- Task statement -
As you print the data below, keep every line exactly as it is and leave the images behind.

- Recorded information -
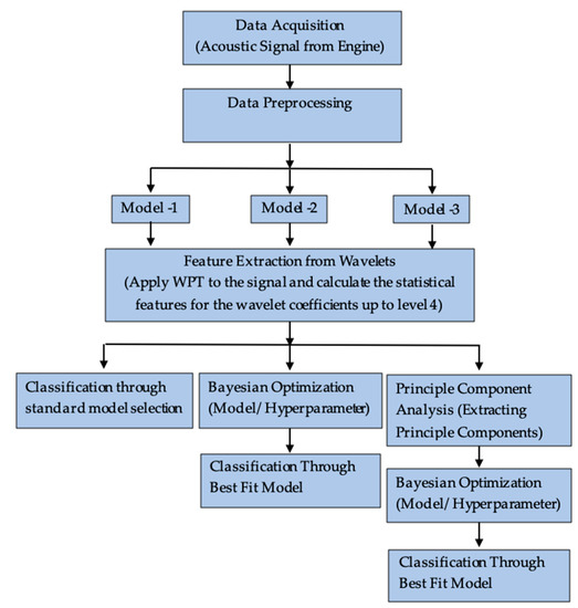 The main objective was to develop and experimentally validate an adaptive fault detection and classification system for vehicles that is robust to different speeds and operating conditions. The acoustic signals were collected from the engine and preprocessed, where the signal was decomposed using WPT and the feature vectors were using statistical measures of the wavelet coefficients. Three models were analyzed and compared—from standard classifiers (Model 1) to Bayesian optimized classification model (Model 2) and finally to PCA combined with Bayesian optimized model (Model 3). A generalized workflow is demonstrated in Figure 4.
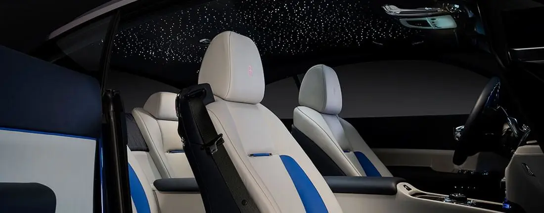 Feine Materialien und eine tadellose Verarbeitung dürfen bei dem Preis des Rolls-Royce Wraith natürlich erwartet werden. Auch die sehr guten Platzverhältnisse im Innenraum und der überragende Fahrkomfort sind immer gegeben. Eine Besonderheit ist der Sternenhimmel, der durch 1.300 Leuchtelemente realisiert wird.
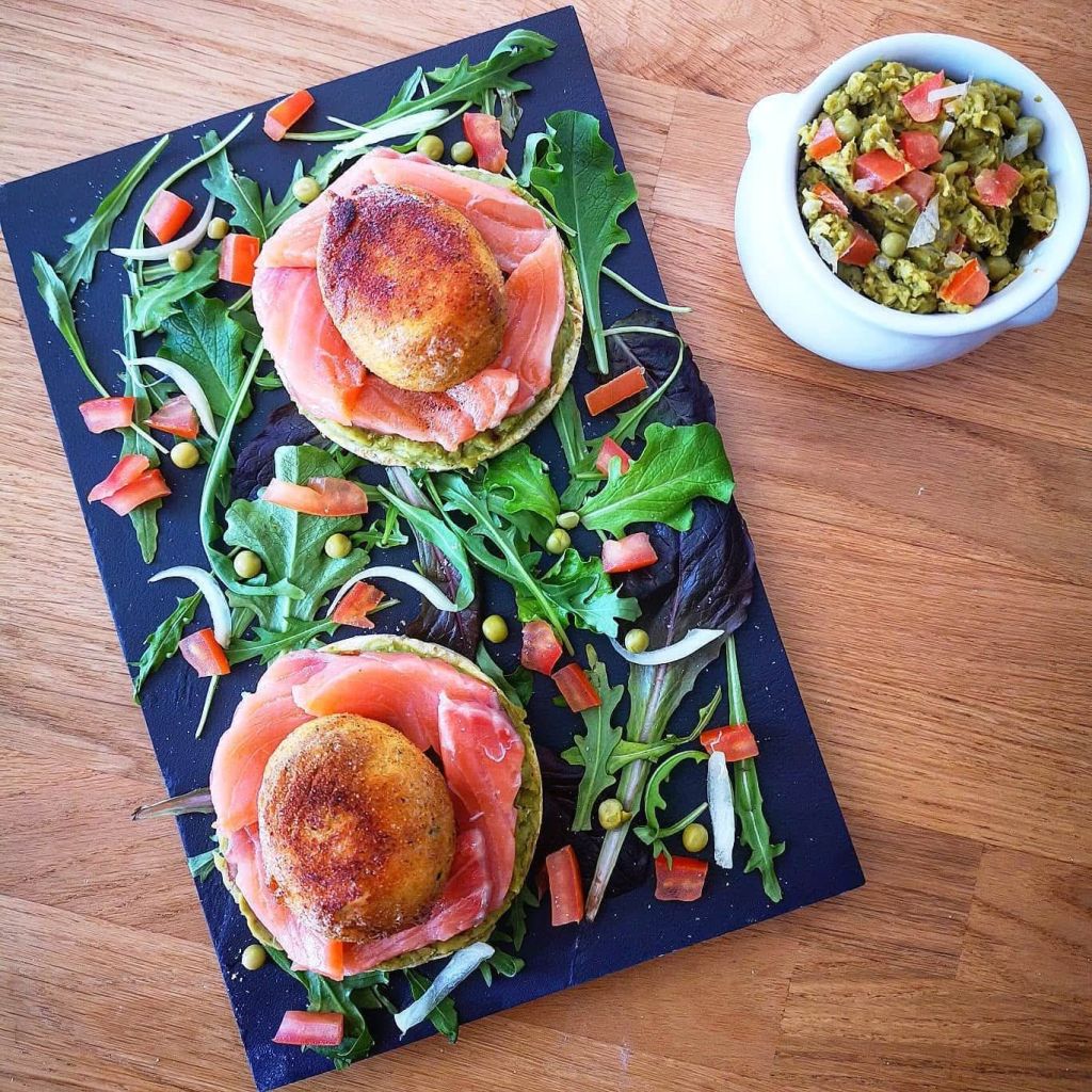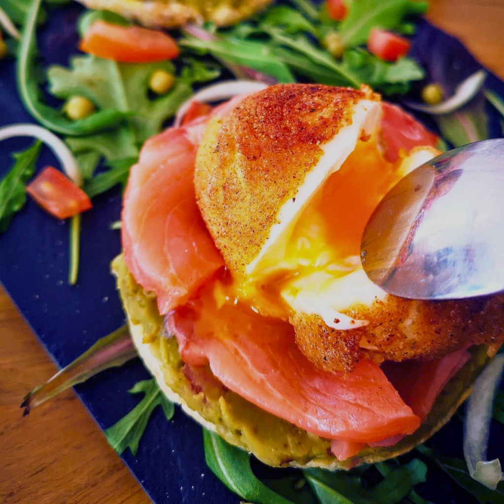 Envie dâune recette originale, pleine de peps et de textures ? Laisse-moi te (re)prĂ©senter une pĂ©pite culinaire que jâai créée en 2020⊠et que je rĂȘve de remettre Ă lâhonneur aujourdâhui : lâĆuf mollet frit dans son nid de saumon fumĂ© & guacamole aux petits pois.

- Written reply -
 The main objective was to develop and experimentally validate an adaptive fault detection and classification system for vehicles that is robust to different speeds and operating conditions. The acoustic signals were collected from the engine and preprocessed, where the signal was decomposed using WPT and the feature vectors were using statistical measures of the wavelet coefficients. Three models were analyzed and compared—from standard classifiers (Model 1) to Bayesian optimized classification model (Model 2) and finally to PCA combined with Bayesian optimized model (Model 3). A generalized workflow is demonstrated in Figure 4.
 Feine Materialien und eine tadellose Verarbeitung dürfen bei dem Preis des Rolls-Royce Wraith natürlich erwartet werden. Auch die sehr guten Platzverhältnisse im Innenraum und der überragende Fahrkomfort sind immer gegeben. Eine Besonderheit ist der Sternenhimmel, der durch 1.300 Leuchtelemente realisiert wird.
 Envie dâune recette originale, pleine de peps et de textures ? Laisse-moi te (re)prĂ©senter une pĂ©pite culinaire que jâai créée en 2020⊠et que je rĂȘve de remettre Ă lâhonneur aujourdâhui : lâĆuf mollet frit dans son nid de saumon fumĂ© & guacamole aux petits pois.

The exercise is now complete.